Neither do they hold their culture in contempt or the religion which allows
polygamy. They are simply social activists against oppression and injustices.
For being women as Zaynab Alkali shows us, is to come to terms with
subjugation, occasional beating from husband, hunger and poverty and should
expect her man to bring more women to the family without regard to the changing
circumstances. Her male characters are egoistic, hedonists who gratify their
immediate desire, and hold sex as supreme end of existence.
Realizing
female predicament and the reality of the society, Alkali makes every woman to
grapple with one problem or another. Mama Dinar has to ask her cousin in Kufam
“is it well with you between you and Ahmadu?” - because it is just too
obvious to see the unhappiness in her face. And she replied “I no longer ask
for laughter from a husband. For me, recently, sister, what is happiness but a
roof over my head and food to eat?” One must be contended with what life
offers. The ultimate joys are the roof above head, food to eat and to please
her husband at night. The only difference with animal universe is just in the
name when the philosophy of life is rooted on ignoble thoughts as sex, food and
sleeping.
Zaynab
Alakali sounds typical of someone who has the first-hand experience of the
reality of her characters, and is actually feeling the pain they go through.
The true character of the author is reflected in Mama Dinar. Alkali is from North-eastern
Nigeria, married with children, and did her early schooling at a distant place,
the first female writer in modern prose fiction from the North and the first
educated woman among her local communities. The same experiences and traits in
Mama Dinar’s character might have been the author’s experiences when she says
that she has dedicated her work to “women like us.”
Most
of the characters maintain a set pattern story after story in the collection.
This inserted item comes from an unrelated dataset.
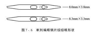 钢片综的长度和经纱开口的要求有关,开口大的用长综丝,开口小的用短综丝,其长短可按
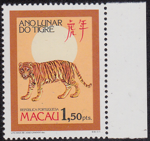 Am 3.Februar 1986 erschien zum Chinesischen Neujahr (Jahr des Tigers 09.02.1986 - 28.01.1987) diese Marke (MiNr 550 A) mit der Abbildung eines Tigers.

From Yabutu, Ya Amsa, the unlettered ones, to Mama Dinar, the lettered in
making, which we can adduce to be mid-life of Zaynab Alkali’s career, up to
towards the end of the book where we meet her as a schooled and sophisticated
person.
After
reading Zaynab Alkali, readers will be sympathetic with her characters and
overlook their sins in the pursuit of their happiness. The attitude of denying
a woman access to education under matrimony cover is a mere mischief. The
excuses given by men to deny women education are merely phony. Alkali
reiterates that for a woman to get out from the social shackles and webs, she
requires education as opposed to patriarchal, belief which sets to deny her
right.
PS
Kakai
Journal, a literary publication of the Department of English and Literary
Studies, Bayero University, Kano, was in vegetative state when I read it. This
really hampered my ability to supply a decent bibliography.